- **Work instructions**: The lines below, from the one holding "This is the" through the one holding "- idade progressiva: esta", are to be restated word for word, with all images left out.

_ _ _

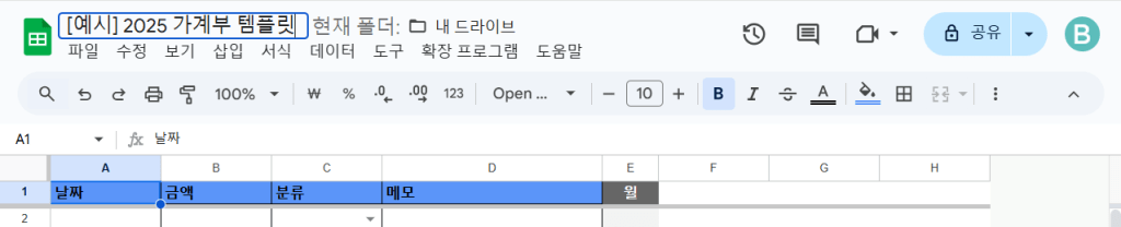 예시에서는 “[예시] 2025 가계부 템플릿”으로 변경했습니다.
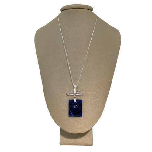 Colar 60cm Prata 925 Claro-Profundo Cristal e Sodalita
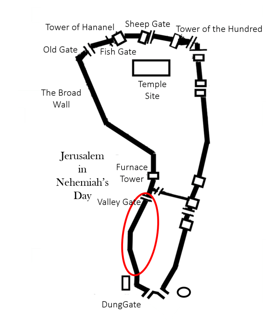This is the second time that we have run into the Valley Gate in the story of Nehemiah. The first time we studied out this word was in our article on Nehemiah’s secret nighttime ride to inspect the walls and gates of the city. Hebrew utilizes several different words for “valley,” depending upon what the physical attributes of the valley are. “Gai” indicates that the valley is an elongated, flat-bottomed depression.
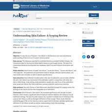 The article “Understanding Skin Failure: A Scoping Review” is a comprehensive review that provides an overview of current research on skin failure. The authors conducted a thorough search for published and unpublished literature, including databases such as PubMed, Embase, CINAHL, Google Scholar, Open Gray, and ProQuest Dissertation and Theses. Data collected included author, title, year of publication, journal name, study design, study setting, study population, sample size, main focus of the publication, what causes skin failure, skin failure definition, primary study aim and primary outcome.
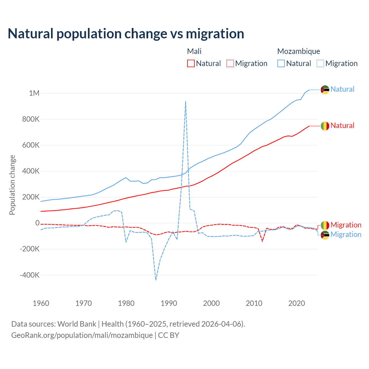 Over the last 10 years, 94.9% of the population change in Mali is from natural causes (a gain of 6,749,473 people) and 5.13% is from migration (a loss of 365,292 people). In Mozambique 95.9% is from natural causes (a gain of 9,108,203 people) and 4.15% is from migration (a loss of 393,923 people).
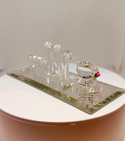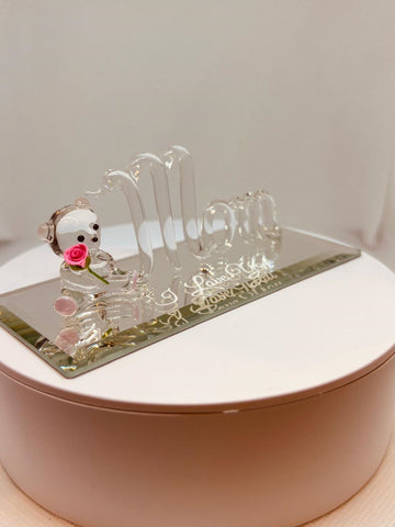 • Handcrafted glass bear figurine with flower and "Mom" sign
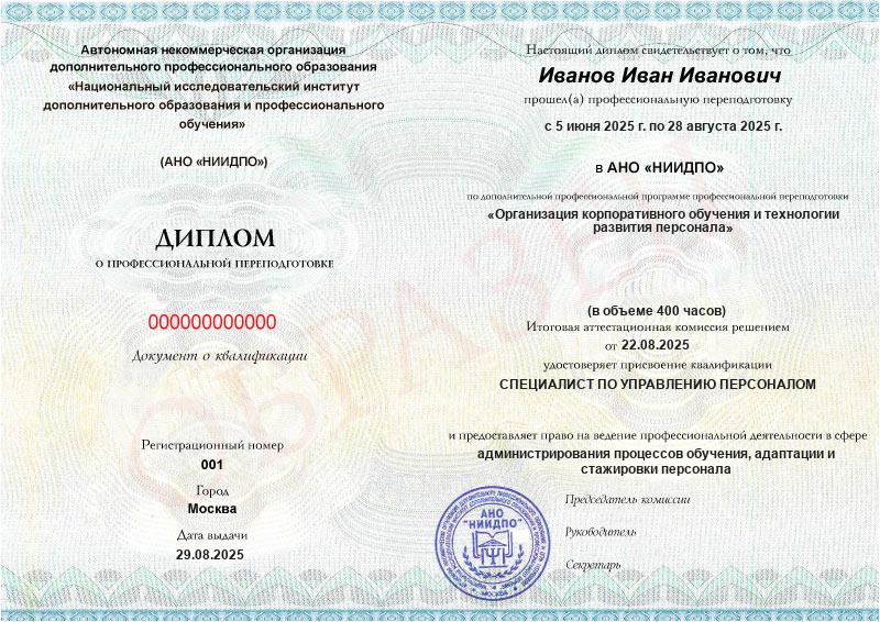 Обзор программы профессиональной переподготовки «Организация корпоративного обучения и технологии развития персонала» с присвоением квалификации «Специалист по управлению персоналом»
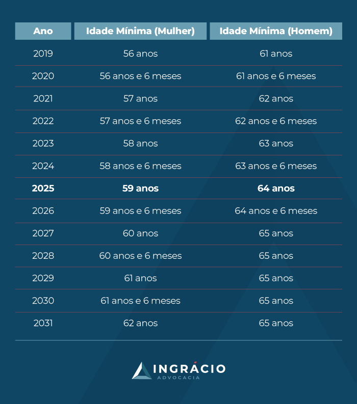 - idade progressiva: esta é a regra que mais se conecta à sua realidade. Ela exige um tempo de contribuição (25 anos para elas, 30 para eles) e uma idade mínima que sobe 6 meses a cada ano:
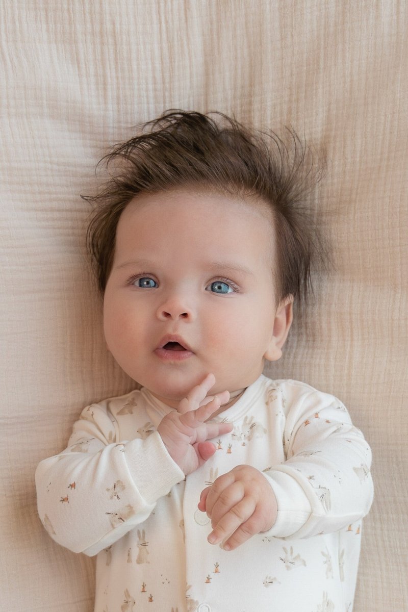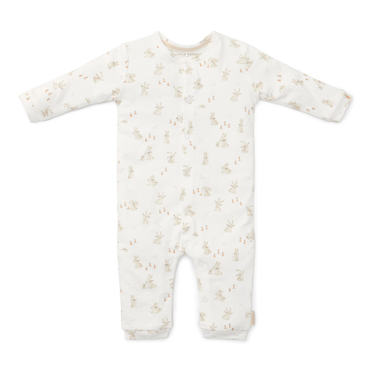 Für Neugeborene ist dieser Boxsuit aus wunderbar weicher Bio-Baumwolle ideal. Du musst ihn nicht über den Kopf deines Babys ziehen. Du kannst dein Kind einfach in den Anzug stecken und ihn mit den Druckknöpfen anziehen. Der cremefarbene Spielanzug hat süße kleine Konijntjes. Der Anzug wird mit kleinen Etiketten mit dem Little Dutch Logo und dem Karottensymbol geliefert. Erhältlich in den Größen 44, 50, 56, 62, 68 und 74.
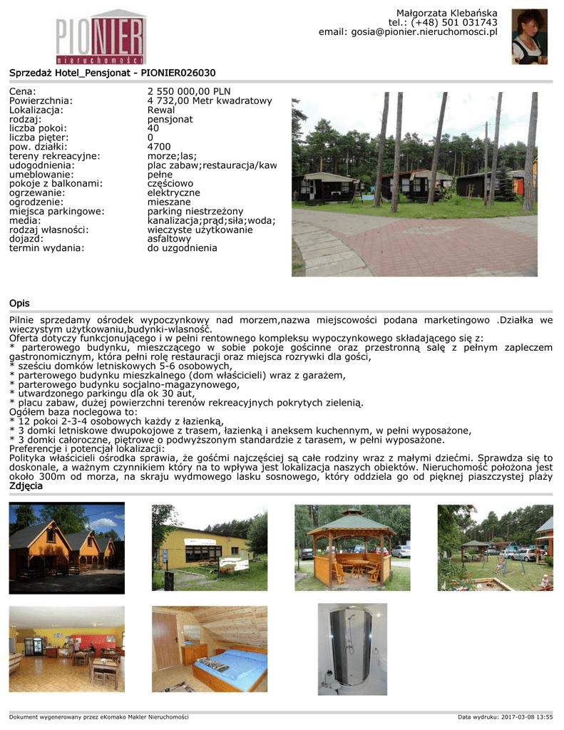 Małgorzata Klebańska tel.: (+48) 501 031743 email: [email protected] Sprzedaż Hotel_Pensjonat - PIONIER026030 Cena: Powierzchnia: Lokalizacja: rodzaj: liczba pokoi: liczba pięter: pow. działki: tereny rekreacyjne: udogodnienia: umeblowanie: pokoje z balkonami: ogrzewanie: ogrodzenie: miejsca parkingowe: media: rodzaj własności: dojazd: termin wydania: 2 550 000,00 PLN 4 732,00 Metr kwadratowy Rewal pensjonat 40 0 4700 morze;las; plac zabaw;restauracja/kawiarnia; pełne częściowo elektryczne mieszane parking niestrzeżony kanalizacja;prąd;siła;woda; wieczyste użytkowanie asfaltowy do uzgodnienia Opis Pilnie sprzedamy ośrodek wypoczynkowy nad morzem,nazwa miejscowości podana marketingowo .Działka we wieczystym użytkowaniu,budynki-wlasność. Oferta dotyczy funkcjonującego i w pełni rentownego kompleksu wypoczynkowego składającego się z: * parterowego budynku, mieszczącego w sobie pokoje gościnne oraz przestronną salę z pełnym zapleczem gastronomicznym, która pełni rolę restauracji oraz miejsca rozrywki dla gości, * sześciu domków letniskowych 5-6 osobowych, * parterowego budynku mieszkalnego (dom właścicieli) wraz z garażem, * parterowego budynku socjalno-magazynowego, * utwardzonego parkingu dla ok 30 aut, * placu zabaw, dużej powierzchni terenów rekreacyjnych pokrytych zielenią. Ogółem baza noclegowa to: * 12 pokoi 2-3-4 osobowych każdy z łazienką, * 3 domki letniskowe dwupokojowe z trasem, łazienką i aneksem kuchennym, w pełni wyposażone, * 3 domki całoroczne, piętrowe o podwyższonym standardzie z tarasem, w pełni wyposażone. Preferencje i potencjał lokalizacji: Polityka właścicieli ośrodka sprawia, że gośćmi najczęściej są całe rodziny wraz z małymi dziećmi. Sprawdza się to doskonale, a ważnym czynnikiem który na to wpływa jest lokalizacja naszych obiektów. Nieruchomość położona jest około 300m od morza, na skraju wydmowego lasku sosnowego, który oddziela go od pięknej piaszczystej plaży Zdjęcia Dokument wygenerowany przez eKomako Makler Nieruchomości Data wydruku: 2017-03-08 13:55
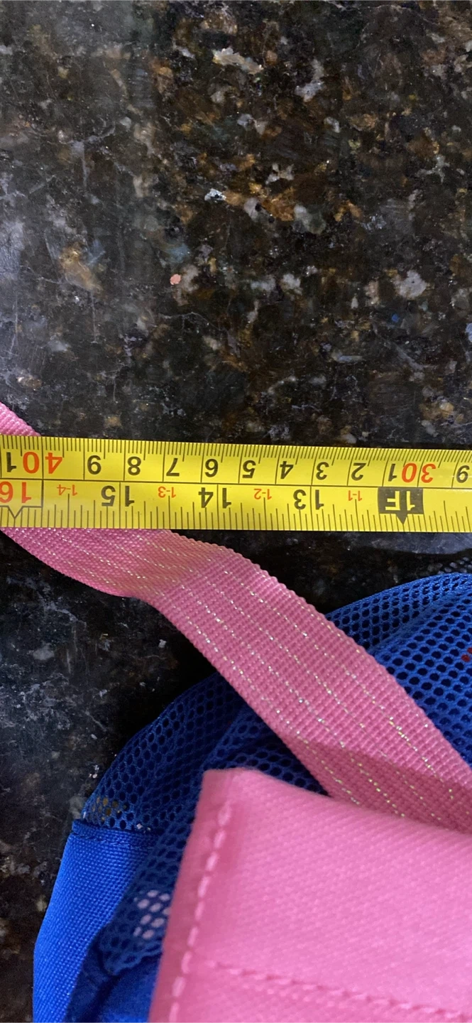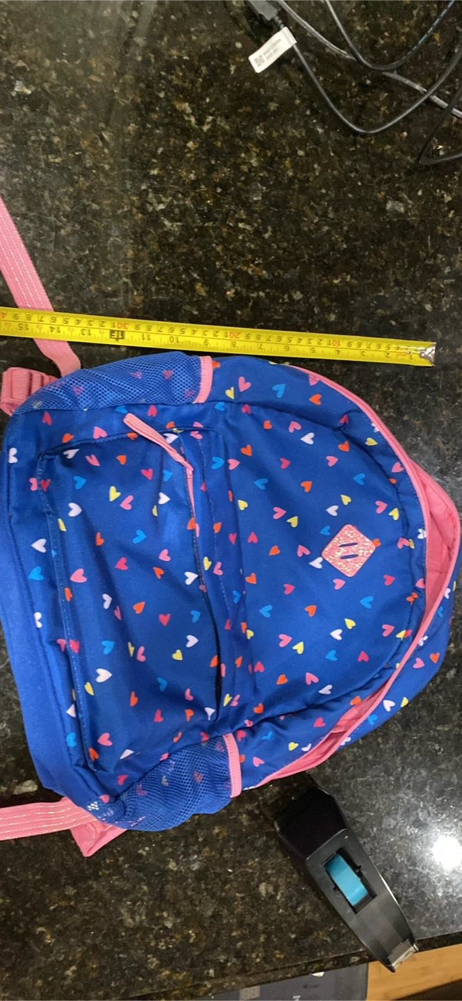 This is a cute Cat & Jack backpack for kids! It's blue with a colorful heart pattern and pink accents. It looks to be about 16 inches in height.

_ _ _

- **Output**:
This is the second time that we have run into the Valley Gate in the story of Nehemiah. The first time we studied out this word was in our article on Nehemiah’s secret nighttime ride to inspect the walls and gates of the city. Hebrew utilizes several different words for “valley,” depending upon what the physical attributes of the valley are. “Gai” indicates that the valley is an elongated, flat-bottomed depression.
 The article “Understanding Skin Failure: A Scoping Review” is a comprehensive review that provides an overview of current research on skin failure. The authors conducted a thorough search for published and unpublished literature, including databases such as PubMed, Embase, CINAHL, Google Scholar, Open Gray, and ProQuest Dissertation and Theses. Data collected included author, title, year of publication, journal name, study design, study setting, study population, sample size, main focus of the publication, what causes skin failure, skin failure definition, primary study aim and primary outcome.
 Over the last 10 years, 94.9% of the population change in Mali is from natural causes (a gain of 6,749,473 people) and 5.13% is from migration (a loss of 365,292 people). In Mozambique 95.9% is from natural causes (a gain of 9,108,203 people) and 4.15% is from migration (a loss of 393,923 people).
 • Handcrafted glass bear figurine with flower and "Mom" sign
 Обзор программы профессиональной переподготовки «Организация корпоративного обучения и технологии развития персонала» с присвоением квалификации «Специалист по управлению персоналом»
 - idade progressiva: esta é a regra que mais se conecta à sua realidade. Ela exige um tempo de contribuição (25 anos para elas, 30 para eles) e uma idade mínima que sobe 6 meses a cada ano:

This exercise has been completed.